Rain Relations Inferred from Microphysical Data in TOGA COARE and Their Use to Test a Rain-Profiling Method from Radar Measurements at Ku-Band

Abstract

The first part of this paper is dedicated to establishing relations among rain-integrated parameters representative of west Pacific precipitation. This is achieved by using airborne microphysical data gathered within a rain event on 6 February 1993 during the Tropical Ocean and Global Atmosphere Coupled Ocean–Atmosphere Response Experiment (TOGA COARE). The relations between the rain rate R, the reflectivity factor Z, and the attenuation coefficient K are calculated for moderate to heavy precipitation at 13.8 GHz. They give twice as much attenuation for a given Z than the relations obtained for an exponential distribution with N₀ = 8 × 10⁶ m⁻⁴. This effect is related to the large number of small size particles observed in TOGA COARE convective systems. In the second part of the paper, these relations are used to check the reliability of a rain-profiling method applied to ARMAR (airborne radar-mapping radar) observations at 13.8 GHz in the same rain event. This method provides a bulk correction factor that can be interpreted primarily in terms of a change of the initial Z–K relation.
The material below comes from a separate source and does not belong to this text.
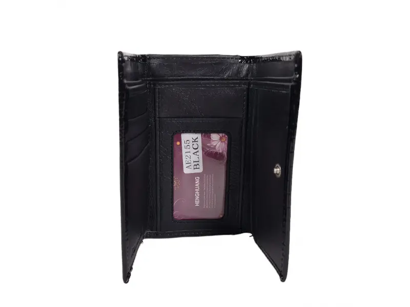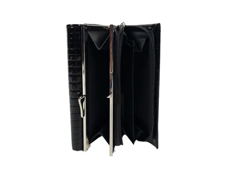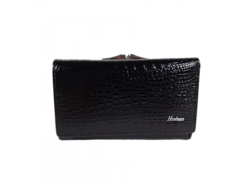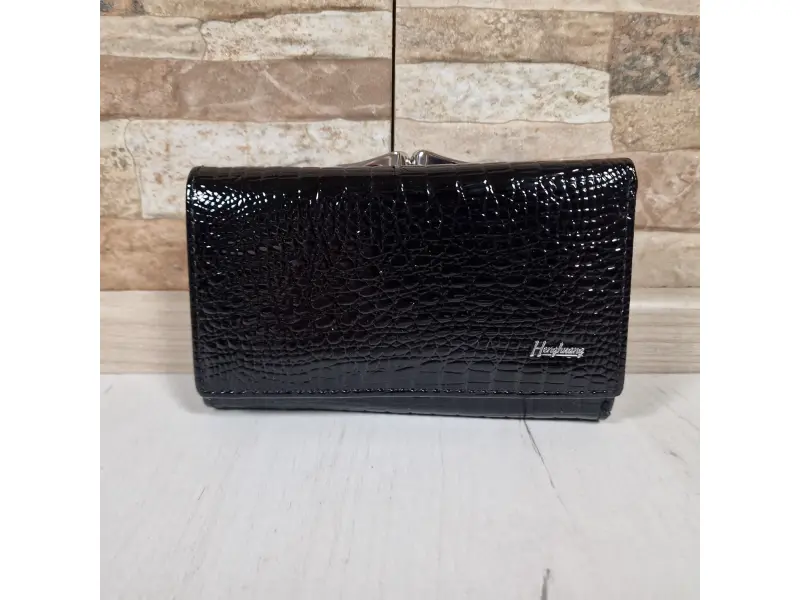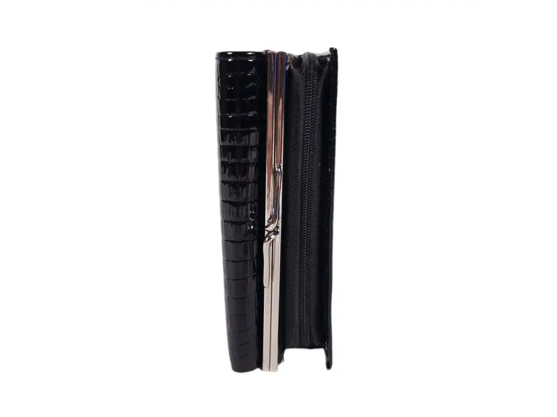 Среден размер дамско портмоне от съчетание на лак и естествена кожа в черен цвят. Нов модел портмоне с отделения за монети с цип и с щипка , място за лични документи , слотове за карти , удобно разпределение за банкноти.

Then, the algorithm provides modified Z–R and K–R relations while assuming a gamma or an exponential-shaped distribution for raindrops with a constant N₀. For the selected case study, the adjusted relations agree very well with those derived from the microphysical measurements. An exponential shape model with constant N₀ for the DSD is found to provide results that are consistent with the microphysical measurements. Moreover, the derived N₀ value is close to that inferred from the radar algorithm. The impact of modifying the initial rain relations in the radar algorithm on the rain-rate estimates is also discussed. The retrieved rain rates are not very sensitive to the choice of initial relations except for very high values. Finally, the results are found more representative of convective rain than stratiform precipitation.